The organization of a typical eukaryote gene is shown below.
The main difference between this type of gene and a typical bacterial gene is the presence of introns and exons. These genes are transcribed from an initiation site to a termination site just like bacterial genes. When the RNA transcript is finished it undergoes an additional step called RNA processing. In that step, parts of the original transcript are spliced out and discarded. These parts correspond to the introns in the gene—shown as thinner rectangular region within the genes.
Note that the coding region (black) can be interrupted by these introns so the final messenger RNA (mRNA) cannot be translated until RNA processing is completed. The important point for our purposes is that the introns are part of the gene since they are transcribed.
My preferred definition has been used by molecular biologists for many decades but there are several other definitions that have been popular over the years. All of them have good points and bad points. I’ve already dealt with the definition that includes regulatory regions.
Some people still prefer a gene definition that corresponds to one used over half a century ago; namely, a gene is a sequence that encodes a polypeptide. This is the so-called one gene:one protein definition. It’s very old-fashioned. We’ve known for years that there are genes that do not encode proteins in spite of the fact that we commonly show protein-encoding genes whenever we describe typical genes. (As I did above.) There are genes for transfer RNA (tRNA), genes for ribosomal RNA, and genes for a large heterogeneous class of small RNAs. None of them have coding regions. The transcript is the functional product, often after RNA processing.
Because this old-fashioned definition is rarely used, the examples of alternative splicing producing different proteins pose no problem for modern definitions. These modern definitions refer to the transcript as the important product and not a protein.

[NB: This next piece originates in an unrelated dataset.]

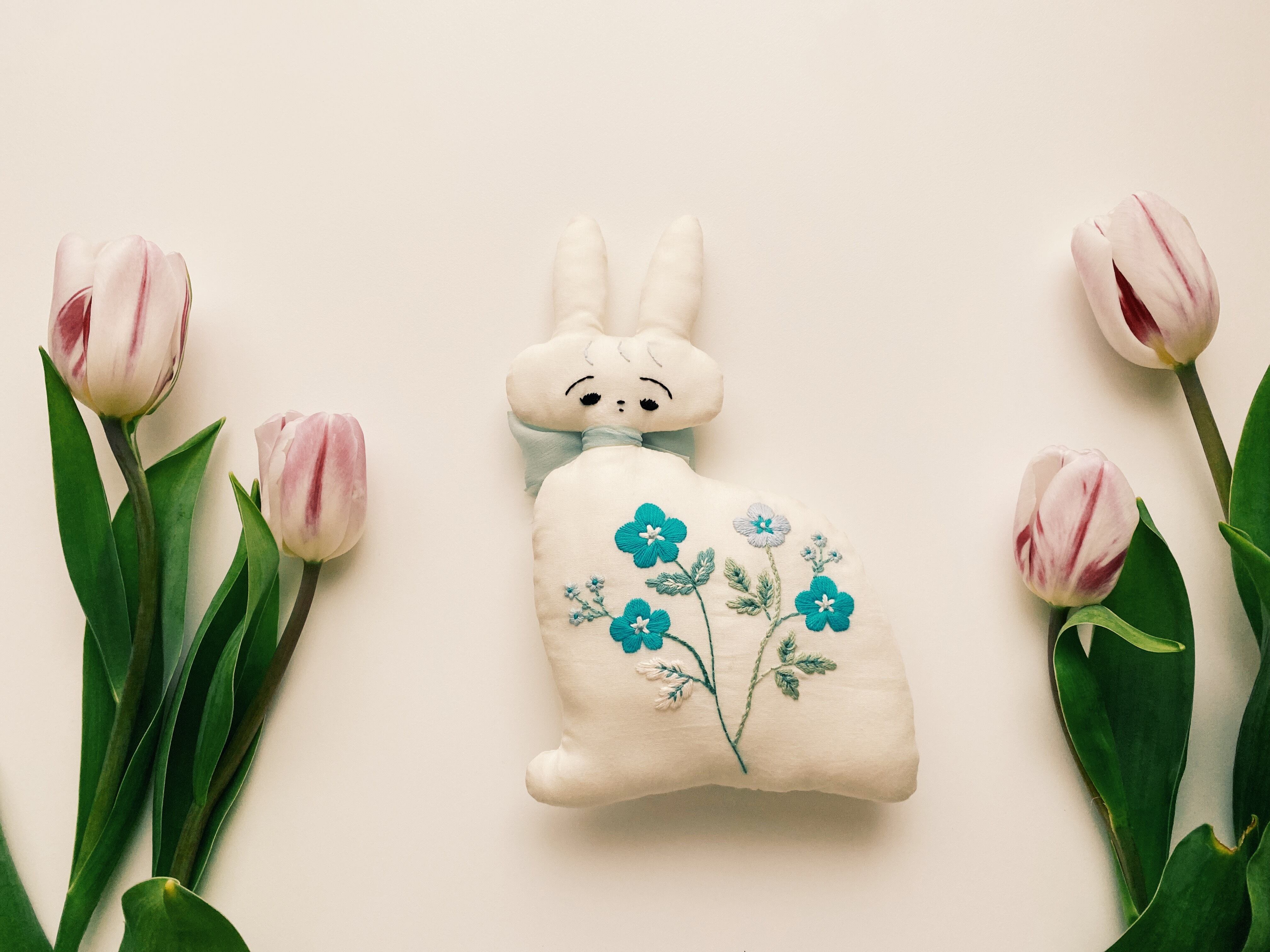 春はきれいな色の刺繍を沢山したいと思って、ぬいぐるみの新作シリーズを作りました。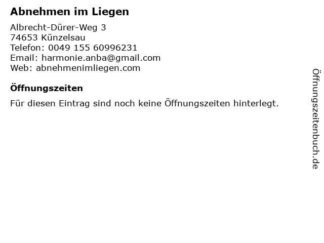 | Öffnungszeiten Abnehmen im Liegen in Künzelsau anzeigen | |

There are exceptions to every generality in biology. Here’s a short list of gene examples that do not conform to my preferred definition.
Operons: In some cases adjacent “genes” are transcribed together to produce a large initial transcript containing several coding regions. In other cases the primary transcript is subsequently cleaved to produce multiple functional RNAs. In these cases it doesn’t make sense to refer to the co-transcribed genes as a single “gene.” Instead, we identify the stretches of DNA that correspond to a single functional unit as the “gene.” Thus, the lac operon contains three “genes” and the ribosomal RNA operons contain two, three, or four genes.
Trans-splicing: There are examples of “genes” that are split into pieces. The transcript from one piece is joined to the transcript from another to produce a functional RNA.
Overlapping Genes: Some “genes” overlap. This means that a single stretch of DNA can be part of two, and in at least one case, three genes.
RNA Editing: In some cases the primary transcript is extensively edited before it becomes functional. In the most extreme cases nucleotides are inserted and deleted. What this means is that the information content of the “gene” is insufficient to ensure a functional product and the assistance of other “genes” is required.